The FUSE protocol says that every request sent to the server must include the pid, gid, and uid responsible. That's so the server can do access control itself, if it wants to. The entire concept of a fuse_filehandle exists solely to support that requirement. However, it's bullshit. It's a terrible antifeature, because there are many situations in which the kernel can't possibly set those accurately. Most obviously, if a write is coming from the writeback cache. So FUSE daemons can never rely on those fields. Yet, we try to set them anyway, for compliance's sake.

Regarding this particular bug, I'm happy as long as it does not panic. This is another one of those cases where we can't possibly set the uid, gid, or pid to their "correct" values.

There's another stupid detail in the protocol too: fhid. When the kernel does FUSE_OPEN, the server may return an fhid. It's an opaque 64-bit number. But we're supposed to set it in any future request that involves the same open file. It's easily possible for two processes (or even the same process) to open a file multiple times, and we're supposed to keep track of which fhid is needed by each. That's very difficult to due given the design of our VHS. It's easy in Linux, which is probably why it was added to the fuse protocol in the first place. The main purpose, again, is server-side access control. But we have a little optimization. If two different file descriptors have the same uid, pid, gid, and access mode, then we only store one file handle for both. That's because the server almost certainly would treat them the same, for access control decisions. IIRC, that "pid == 0" expression is there precisely because of situations where we don't know the true pid. In such a case, we don't want fuse_filehandle_get_anyflags to match on pid.

So to reiterate, I'm happy as long as it doesn't panic. I'm not upset that the pid field won't be "correct".

Ok! Thank you for the detailed explanation.

sys/fs/fuse/fuse_vnops.c
798

I'd add a comment explaining why we do this and noting it might be some async kernel context rather than a user thread.

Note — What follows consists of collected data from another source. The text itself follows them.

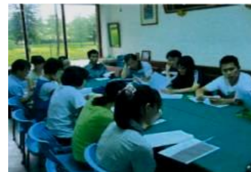
後壁高中國際教育教師社群
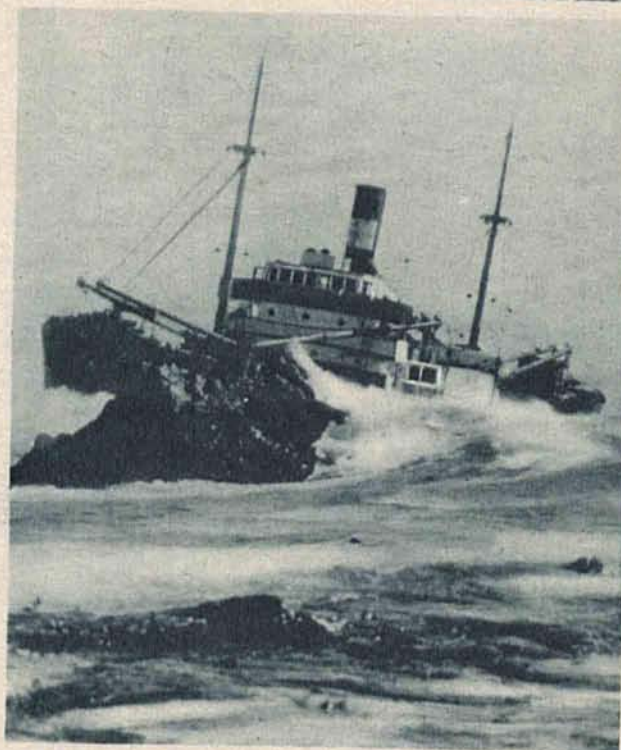
Angielski okręt Munleon najechał w gęstej mgle na skały koło wysp Kalifornijskich. Załogę uratowano.
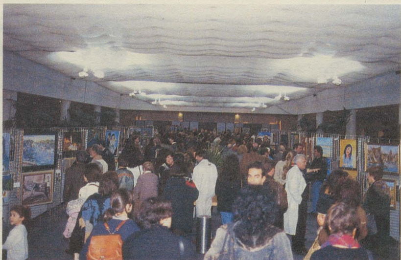
240 artistes, 450 toiles exposées pour le 2ème Corum des Peintres, organisé du 2 au 3 décembre
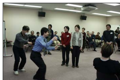
市民と市職員の初顔合わせでのゲーム
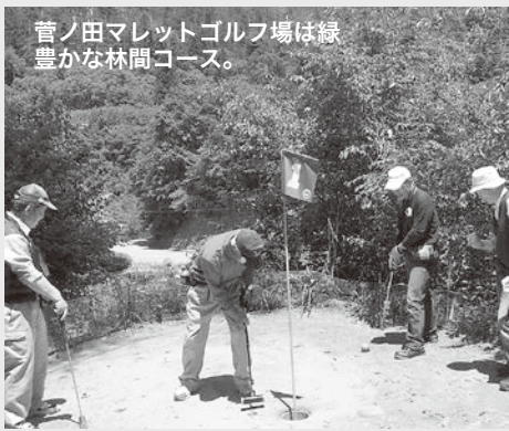
菅ノ田マレットゴルフ場は緑豊かな林間コース。
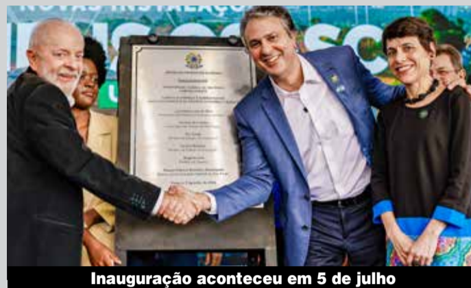
Inauguração aconteceu em 5 de julho

O Presidente do Brasil, Luiz Inácio Lula da Silva, esteve em 5 de julho em Osasco para a inauguração da sede própria da Unifesp (Universidade Federal de São Paulo). Os Ministros da Fazenda, Fernando Haddad, da Educação, Camilo Santana, e das Relações Institucionais, Alexandre Padilha, estiveram na cerimônia de inauguração.
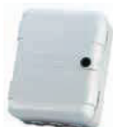
Корпус мод. L для плат управления
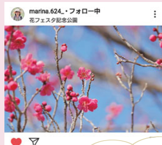
花フェスタに咲く梅の花 青空にピンク色の花が映えてステキ
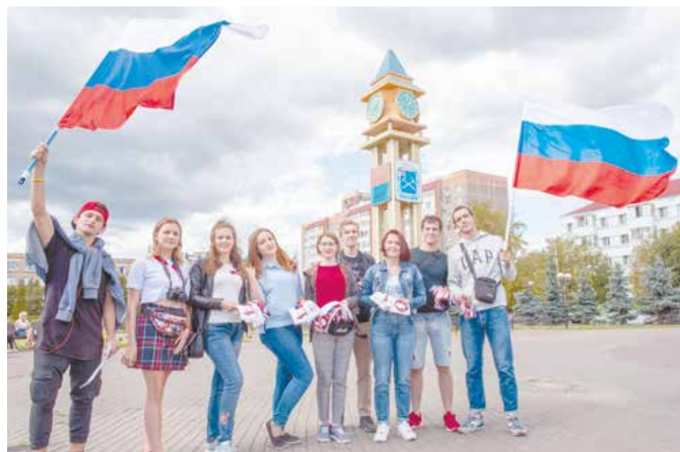
Ребята поделились, что гордятся нашей страной, любят её и очень рады, что смогли почувствовать себя частью великой державы

Thanks for explanation, Alan!

Apologies for dropping this on the review after-the-fact, but I was looking over the unionfs version of the bug Alan filed (https://bugs.freebsd.org/bugzilla/show_bug.cgi?id=289700), and a couple of questions jumped out at me:

  1. @glebius Is there a reason we don't just pass curthread from unp_discard()? I could imagine there might be a good reason we want to pass NULL instead of curthread, but if so that probably should be documented in VOP_OPENCLOSE.9 to reduce the likelihood of foot-shooting from FS implementations.
  1. Would it be at all useful for FUSE if we were to change VOP_CLOSE (and other vnops that typically operate against file objects, eg VOP_READ/VOP_WRITE/VOP_IOCTL etc.) to also take the struct file* (if one exists, NULL otherwise) as is already done for VOP_OPEN? I realize that would be quite a lot of churn, so perhaps not worth the effort, but I also suspect something like that could be useful in cleaning up some of the especially-wrong parts of unionfs (@olce may have different thoughts here, if so I'll defer to him)

We have indeed several problems with VOP_OPEN()/VOP_CLOSE(), e.g., they are not always called in pairs, and even if they are the passed td may not match between an open and close. These interfaces need serious revision, in particular determining which exact info the filesystems would like to use and if there are better ways to obtain them.

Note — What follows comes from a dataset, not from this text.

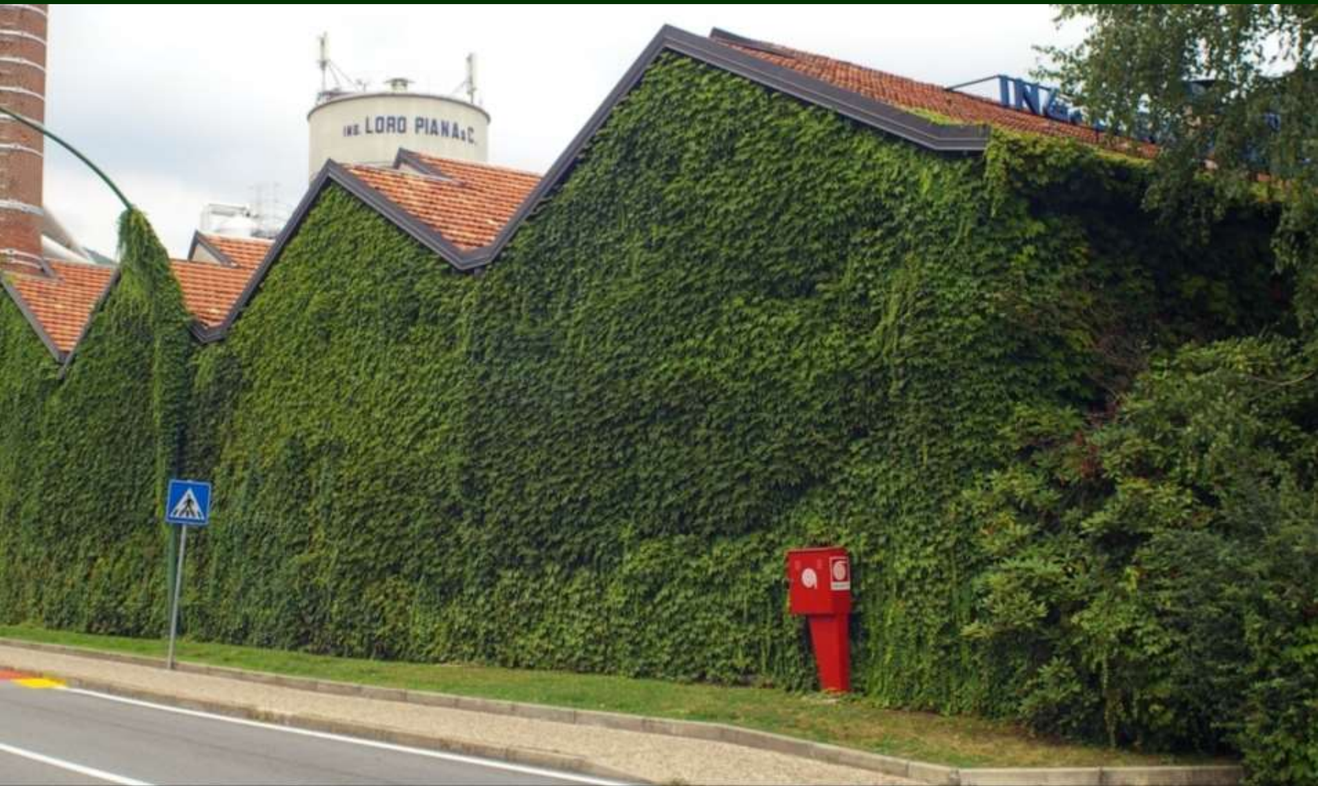
Capannone rinverdito con l'impiego della specie Parthenocissus tricuspidata

I think longer term we should just aim to drop the td parameter to VOP_CLOSE() and probably to VOP_OPEN() as well. Actually, it's not used at all in most filesystems' VOP_CLOSE() implementation, and for VOP_OPEN() is often used to deduce some credentials, which is redundant (and perhaps sometimes inconsistent) with the struct cred that is also passed to VOP_OPEN().

From this point of view, either ensuring that td is never NULL in generic code or testing for that in the few filesystems that actually use it is fine, and which exact option is chosen does not matter.